Liquefaction of starch is generally carried out at temperatures of 60–90°C, hence thermostable α-amylase is of great significance (32). In this study, α-amylase produced by Bacillus sp. CFR-67 showed retention of considerable enzyme activities from lower to higher temperature and at different pH (40–60°C; pH 4–9; Figure 5). At 80°C, 60% loss in enzyme activity was noticed, when compared to its activity at 60°C (8.7 U mL-1 min-1, Figure 5A). Optimum activity was observed at pH 8 and 60°C (10 U mL-1 min-1, Figure 5B). According to Soni et al. (32) α-amylase produced by Bacillus sp. possessed 88, 85 and 44 % of activity at 60, 70 and 80°C, respectively. It is reported that maximum enzyme activity is found at pH 5 and the use of alkaline buffer (pH, 9) results in a sharp decline in the enzyme activity (10). Enzyme produced by Bacillus sp. in our study had desirable characteristics and can be used efficiently for starch liquefaction.

Figure 5

Effect of temperature (A) and pH (B) on ∝-amylase activity produced by Bacillus sp. CFR-67.
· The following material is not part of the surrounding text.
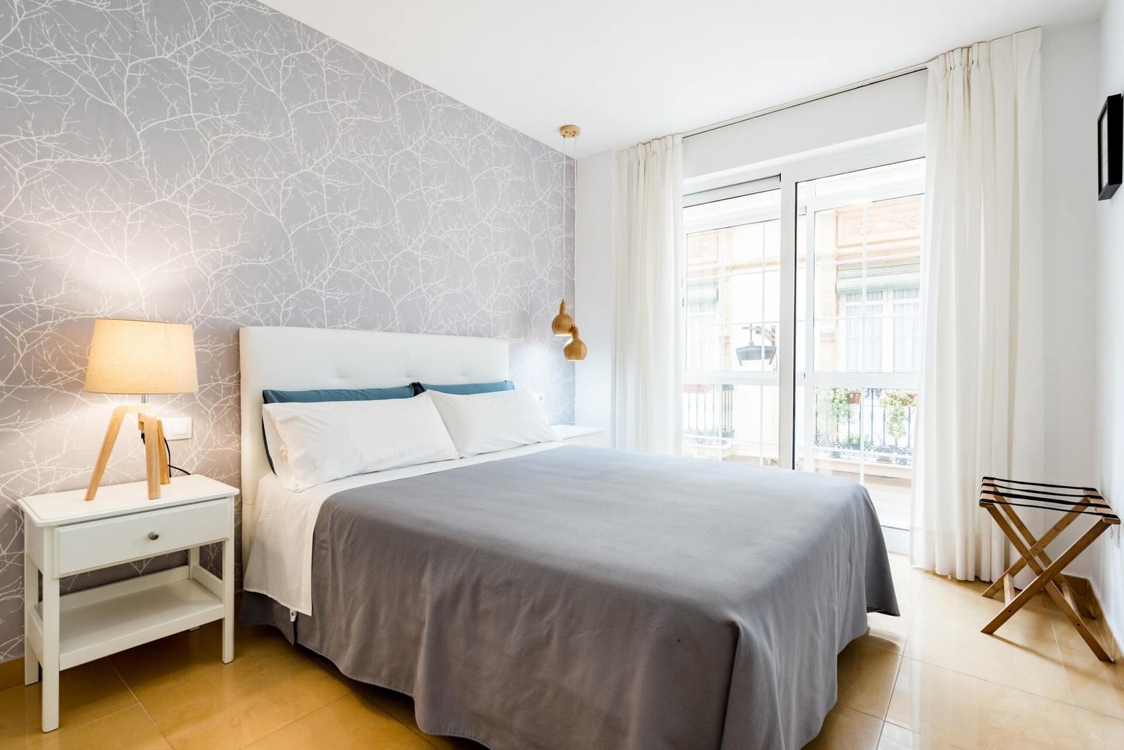 Este bonito apartamento, cuidadosamente decorado y equipado, dispone de habitación principal con cama de matrimonio, habitación secundaria con dos camas individuales, baño completo y acogedor salón comedor, así como cocina independiente equipada con frigorífico, lavavajillas, lavadora, cafetera, hervidor de agua, tostador y demás útiles de cocina. Las sábanas y toallas están incluidas. La entrada al edificio y apartamento es mediante cerradura inteligente.

Bacillus spp. are known to produce α-amylase in solid substrate fermentation with agro-industrial by products such as wheat bran, coconut oil cake as substrates (2, 10). In the present study, the enzyme was coproduced extracellularly in submerged fermentation along with intracellular accumulation of polyhydroxyalkanoate and both the products are of commercial interest.

CONCLUSION

The results obtained in the present study indicated the potentiality of Bacillus sp. CFR-67 to co-produce PHA and commercially important α-amylase from agro-industrial residues such as wheat bran and rice bran hydrolysates as growth supplements and native corn starch as main carbon source. It produced maximum quantity of biomass (10 g L-1) and PHA (5.9 g L-1) copolymer of polyhydroxybutyrate-co-hydroxyvalerate of 95:5 to 90:10 mol%, in a medium containing a mixture of WBH and RBH (1:1, 10 g L-1 of SS) along with ammonium acetate (1.75 g L-1) and corn starch (30 g L-1). PHA copolymer has better mechanical properties, biodegradable, has potential applications and envisaged to replace synthetic polymers. Maximum activity of α-amylase (40 U mL-1 min-1) was observed in WBH medium with corn starch. Furthermore, α-amylase showed activity in a wide range of pH and temperature, indicating applicability of the enzyme for starch liquefaction at high temperature.